Kampong Gelam is a historic district with ties to Singapore’s Malay, Muslim, Arab, and other communities. It was gazetted as a conservation area in 1989. The district is anchored by iconic buildings such as the Sultan Mosque, and the Malay Heritage Centre, which are both national monuments. With food, retail and textile businesses operating in over 600 shophouses and representing traditional trades as well as home-grown brands, Kampong Gelam has in recent decades evolved into a well-loved leisure and heritage destination popular with both residents and tourists.
Place management efforts started in 2011 with Saeid Labbafi, a permanent resident of Singapore, whose family owned many carpet shops along Arab Street and had been operating in the historic precinct for close to 20 years. Seeing an opportunity to enhance the neighbourhood he loved, Saeid felt that more could be done if everyone banded together. In 2014, he founded One Kampong Gelam (OKG), an association dedicated to placemaking activities in the area. The group grew to have about 70 members by June 2021.
The Sultan Mosque in Kampong Gelam (Urban Redevelopment Authority)
To expand on the OKG's efforts, an informal partnership known as the Kampong Gelam Alliance (KGA) was set up in 2018. Made up of a more diverse group of stakeholders, including property owners, businesses, institutions, residents and hotels in the neighbourhood, the KGA complemented the OKG's efforts to deepen place management efforts for the area.
The URA facilitated a discussion among KGA members as well as Kampong Gelam’s larger community in end-2020 on how to harness the area’s heritage to serve residents better.

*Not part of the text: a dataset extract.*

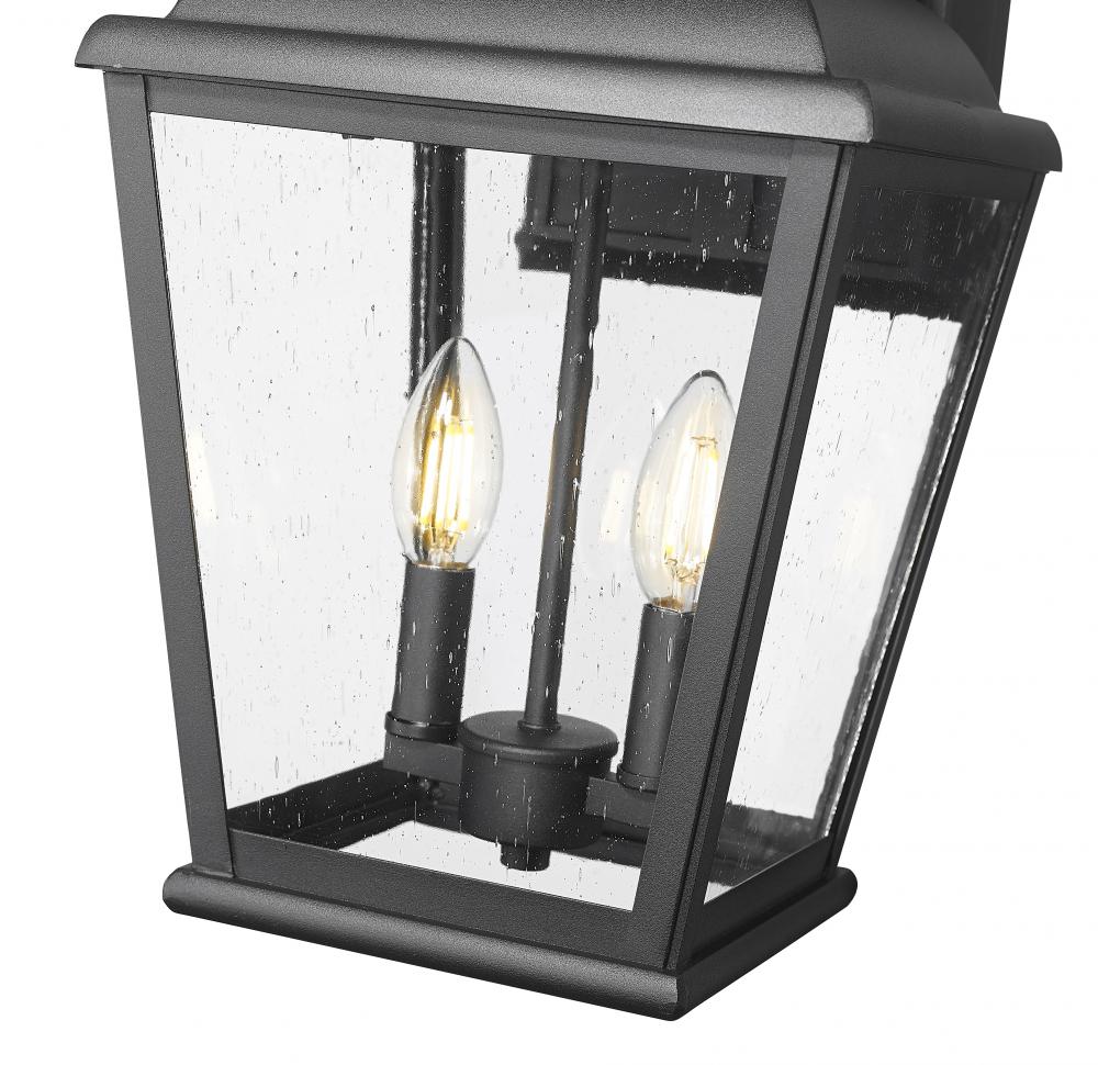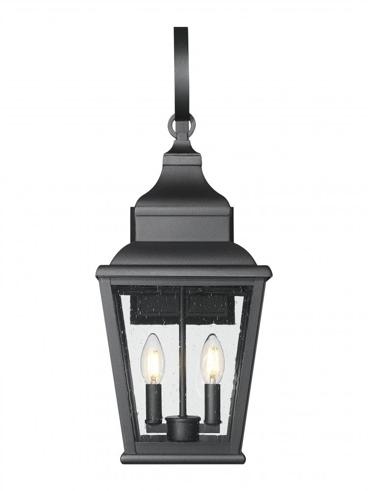 An exterior light with no end of style becomes a must-have fixture as this two-light outdoor wall light checks all the boxes. Porches, decks, and outbuildings welcome this ornate lantern-inspired light made of sand black finish aluminum framing with elaborate accents, and seedy glass panels revealing interior candelabra-style bulb mounts. Adjust lighting levels with convenient, mood-altering dimming features.

The discussions bore fruit in November 2022, when the KGA unveiled an initiative to guide and sustain the growth of Kampong Gelam over five years, as the area’s stakeholders strived to make the precinct more relevant to residents of all ages.

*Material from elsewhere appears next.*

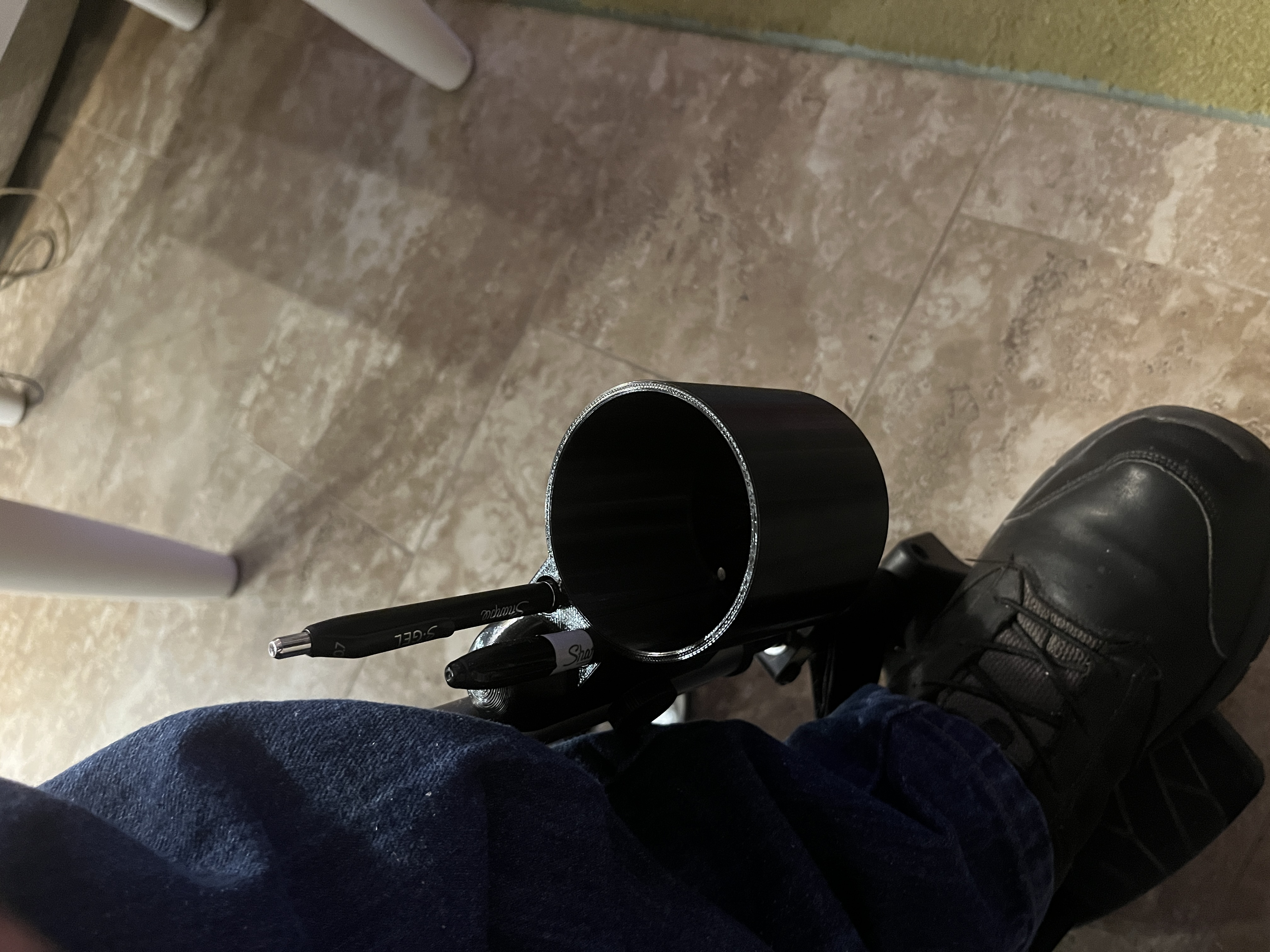Món đồ này có thể đựng ly lớn hoặc lon nước ngọt, bút Sharpie và bút bi. Nó gắn vừa vào chỗ để đồ gấp của xe lăn tiêu chuẩn. Tui dùng để đựng bình giữ nhiệt và hai cây bút trên xe lăn, rất tiện lợi cho việc di chuyển hoặc đi du lịch.

The Kampong Gelam Historic Area 2023–2028 Place Plan is a strategic roadmap that aims to enhance Kampong Gelam’s heritage, offerings and experiences for stakeholders and visitors alike. It is based on a collective vision for the precinct shaped by feedback and ideas from over 1,600 Kampong Gelam stakeholders and members of the public.
The KGA collaborated with the URA to identify five focus areas to underpin the Place Plan—Identity, Economy, Placemaking, Connectivity and Activation—and a corresponding range of projects that could be introduced progressively over the five-year period. The hope is that these projects will transform and enrich Kampong Gelam into an even more attractive, inclusive and resilient historic area while also preserving its “soul”.

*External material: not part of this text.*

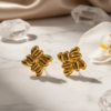 Elevate your everyday look with these sophisticated, 14k gold-plated sculptural studs. Featuring a unique interwoven “love knot” design with a high-shine ribbed finish, these earrings offer a bold, architectural statement while remaining lightweight enough for all-day wear. The perfect blend of vintage charm and modern luxury.
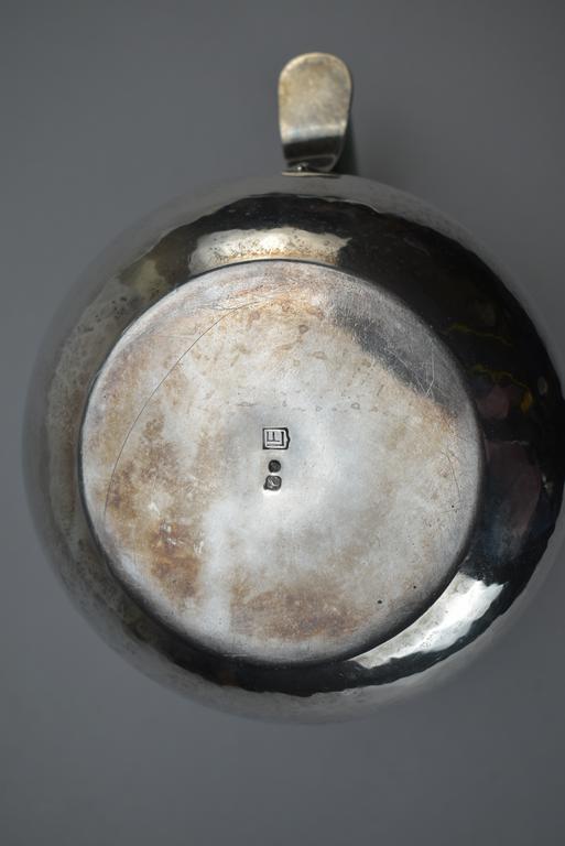 Luiz Ferreira Portuguese .833 Silver pitcher. Hand hammered pitcher with jade handle. LF and Eagle 833 marks. 5 1/4" H, 7" x 5". 13.3 troy oz total.

Even as the Place Plan was being conceived collaboratively between the KGA and URA, Singapore’s National Heritage Board (NHB) concurrently worked with the URA and Kampong Gelam’s stakeholders on the Kampong Gelam Citizen Engagement Project. The project mapped over 40 heritage businesses in Kampong Gelam and involved 47 volunteers in helping to document the unique stories behind these businesses and how they had contributed to the precinct’s unique cultural identity. The volunteers’ efforts culminated in a digital map made available on the NHB's resource portal Roots.gov.sg, where visitors can find out more about these businesses that help to make Kampong Gelam such a rich centre of cultural heritage.

A mural at Kampong Glam completed as part of the five-year plan (Pexels)
The growth of citizen-led initiatives such as those to guide the development of Kampong Gelam illustrates a maturing of resident society as it moves away from public perceptions that the “government knows best” and that it must always take the lead in planning and development. This shift towards a more collaborative ecosystem bodes well for Singapore’s future as it grapples with increasingly complex challenges.